From the foregoing, it is plain to me, that there is no reason in the Records, why Chief Ahamba (SAN), signed the said Notice of Appeal and the Amended Notice of Appeal dated 3rd April, 2006, instead of adopting the same method or procedure, when the Appellants, applied for bail individually and separately. I am also not in doubt that from all intents and purposes from the facts I have stated hereinabove, that Chief Ahamba (SAN), had access to the Appellants who he should have made, to sign the said Notice of Appeal and as Amended. He was clearly in error when he signed them. I so hold.

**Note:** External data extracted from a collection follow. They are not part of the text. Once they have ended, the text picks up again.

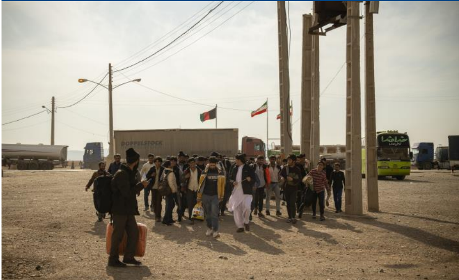
Deportees from Iran after disembarkation in Islam Qala outside of the NRC constructed Reception Center where they will be registered by the Afghan government and referred to IOM for assistance before being transported to Herat city.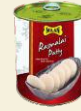
Rasmalai Patty Available in : 3.7kg | 1kg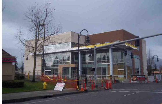
East County Courts Building, 185th & SE Stark St. Opening April 2012

The new courthouse is only for civil matters.

In the case of the State v. Jammal (1996) 9 NWLR (Pt. 473) 384 (a), 399 C.A, it was held that the Court of Appeal, ought to take judicial notice of the fact and in law, that a notice of appeal in a criminal appeal filed in the lower or trial court which was signed by a counsel for the appellant instead of the appellant himself, is defective by virtue of Order 4 Rule 4(1) of the Court of Appeal Rules, 1981. That the provisions are clear, unambiguous and mandatory. That the Notice of Appeal must be signed by the appellant himself and not by his counsel.

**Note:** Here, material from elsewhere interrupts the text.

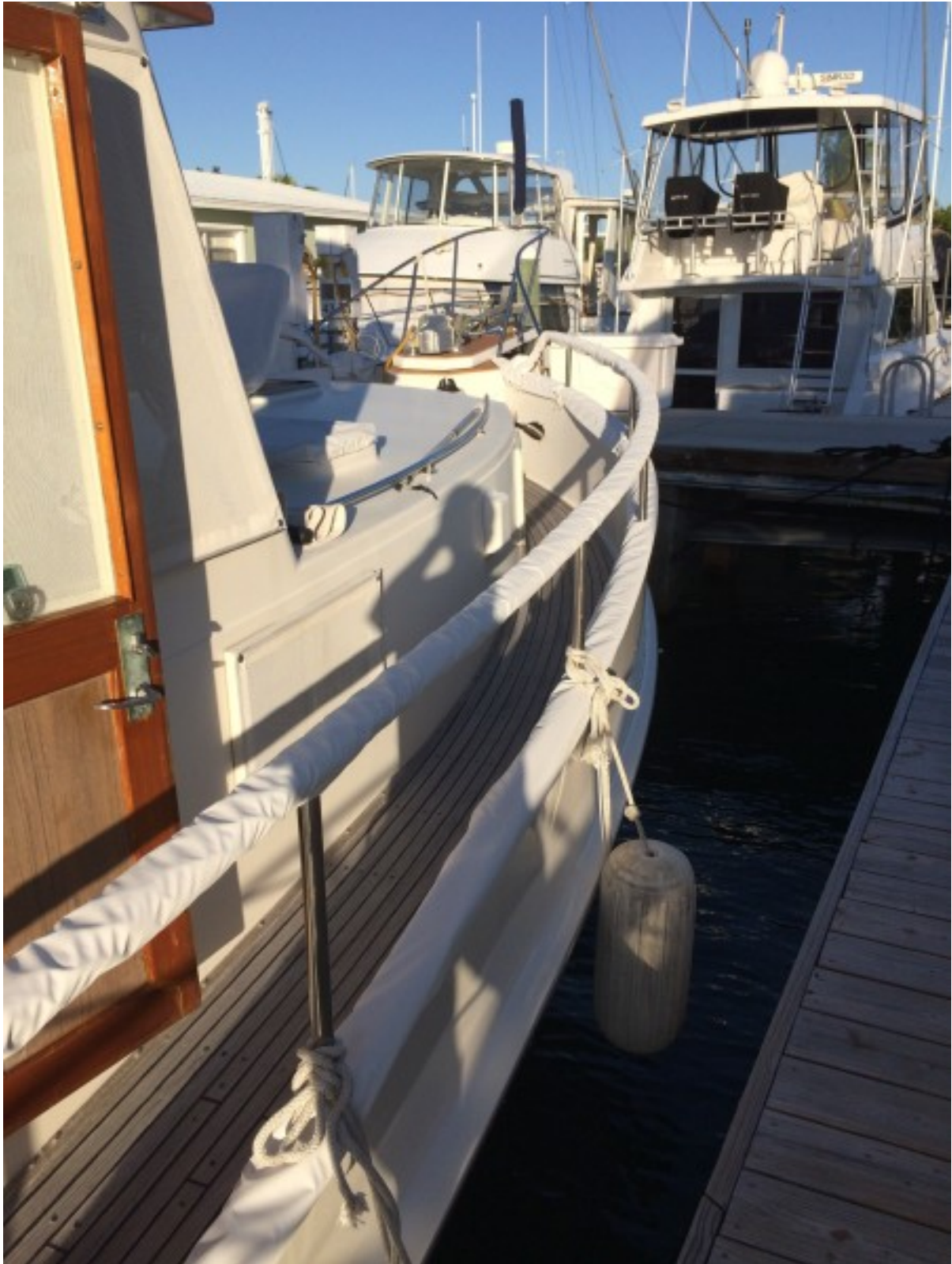
Custom Made Teak Covers

In the recent case of Dr. Femi Adekanye & 2 ors. v. Federal Republic of Nigeria (2005) 13 NWLR (Pt. 949) 433 (a), 454 to 456, also referred to by the court below, the above cases, were referred to and followed. In effect, it is now beyond doubt, argument or speculation that,
(i) the provision of Order 4 Rule 4 (1) of the said Rules, is not one of the exceptions under sub-rules 4 (5) and (6) of the Rules ,
(ii) that the provision is clear, unambiguous and mandatory,
(iii) that Rules of court prima facie, must be obeyed in compliance and not in breach.
(iv) that failure to comply with the provisions of the Court of Appeal Rules, will render the Notice of Appeal filed fundamentally defective and incompetent and therefore, is liable to be struck out.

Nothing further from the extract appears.